# Data visualization of incidents in Barcelona's neighborhoods 2019

#### Import libraries

In [None]:
import numpy as np # library to handle data in a vectorized manner

import pandas as pd # library for data analsysis
pd.set_option('display.max_columns', None)
pd.set_option('display.max_rows', None)

from pandas.io.json import json_normalize # tranform JSON file into a pandas dataframe
import json # library to handle JSON files

from geopy.geocoders import Nominatim # convert an address into latitude and longitude values

# Matplotlib and associated plotting modules
import matplotlib.cm as cm
import matplotlib.colors as colors

# import k-means from clustering stage
from sklearn.cluster import KMeans

print('Libraries imported.')

#### Obtain neighborhood database with coordinates

In [None]:
import types
from botocore.client import Config
import ibm_boto3

In [None]:
# The code was removed by Watson Studio for sharing.

In [None]:
body = client_335529e8571343eaa4cecdd51c945c46.get_object(Bucket='capstoneproject-donotdelete-pr-q6jyeyrogmggrb',Key='neighborhoods_coordinates_barcelona.csv')['Body']
# add missing __iter__ method, so pandas accepts body as file-like object
if not hasattr(body, "__iter__"): body.__iter__ = types.MethodType( __iter__, body )
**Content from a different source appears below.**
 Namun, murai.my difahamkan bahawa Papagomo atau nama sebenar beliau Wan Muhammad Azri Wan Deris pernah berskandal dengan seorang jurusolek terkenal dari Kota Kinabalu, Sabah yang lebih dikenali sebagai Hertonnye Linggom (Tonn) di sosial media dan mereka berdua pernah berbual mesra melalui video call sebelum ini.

df_coordinates = pd.read_csv(body)
df_coordinates.head()

#### Removed columns from df_coordinates

In [None]:
new_columns = ['Neighborhood Code', 'Neighborhood Latitude', 'Neighborhood Longitude']
df_coordinates = df_coordinates.loc[:, new_columns]
df_coordinates.head()

## Clean Data

#### Import 

In [None]:
def __iter__(self): return 0

body = client_335529e8571343eaa4cecdd51c945c46.get_object(Bucket='capstoneproject-donotdelete-pr-q6jyeyrogmggrb',Key='2019_incidents_gestionats_gub.csv')['Body']
# add missing __iter__ method, so pandas accepts body as file-like object
if not hasattr(body, "__iter__"): body.__iter__ = types.MethodType( __iter__, body )

df = pd.read_csv(body)
df.head()

#### Select needed columns

In [None]:
df.columns

In [None]:
new_columns = ['Descripcio_Incident', 'Codi_districte', 'Nom_districte', 'Codi_barri', 'Nom_barri', 'Mes_any', 'Numero_incidents_GUB']
df = df.loc[:, new_columns]
df.head()

In [None]:
df.dtypes

#### Change columns names

In [None]:
new_columns_name_dict = {'Descripcio_Incident': 'Incident', 'Codi_barri': 'Neighborhood Code', 'Nom_barri': 'Neighborhood', 'Codi_districte': 'District Code', 'Nom_districte': 'Disctrict', 'Mes_any' : 'Month', 'Numero_incidents_GUB': 'Number of Incidents'}
df.rename(columns=new_columns_name_dict, inplace=True)
df.head()

In [None]:
df.shape

In [None]:
df["Neighborhood"].unique()

#### Removed NaN and Desconegut from Neighborhood Column

In [None]:
# Get names of indexes for which column Age has value 30
indexNames = df[df['Neighborhood'] == 'Desconegut'].index
# Delete these row indexes from dataFrame
df.drop(indexNames , inplace=True)

In [None]:
df = df.dropna(subset=['Neighborhood'], axis=0).reset_index(drop=True)

In [None]:
df["Neighborhood"].unique()

#### Change columns types

In [None]:
df = df.astype({'District Code': 'int64', 'Number of Incidents': 'int64'})

In [None]:
df.dtypes

#### Add the coordinates to the existing data frame

In [None]:
# Merge both data frames so all the neighborhoods have their coordinates
df = pd.merge(df, df_coordinates, how='left', on='Neighborhood Code')
df.head()

In [None]:
df.shape

In [None]:
df = df.dropna(subset=['Neighborhood Latitude'], axis=0).reset_index(drop=True)
df.head()

In [None]:
df.shape

#### Convert Month column in one column for each month

In [None]:
# Turning categorical variables into quantitative variables
dummy_variable = pd.get_dummies(df['Month'])

In [None]:
# Concat new columns
# merge data frame "df" and "dummy_variable_1" 
df_incidents_months = pd.concat([df, dummy_variable], axis=1)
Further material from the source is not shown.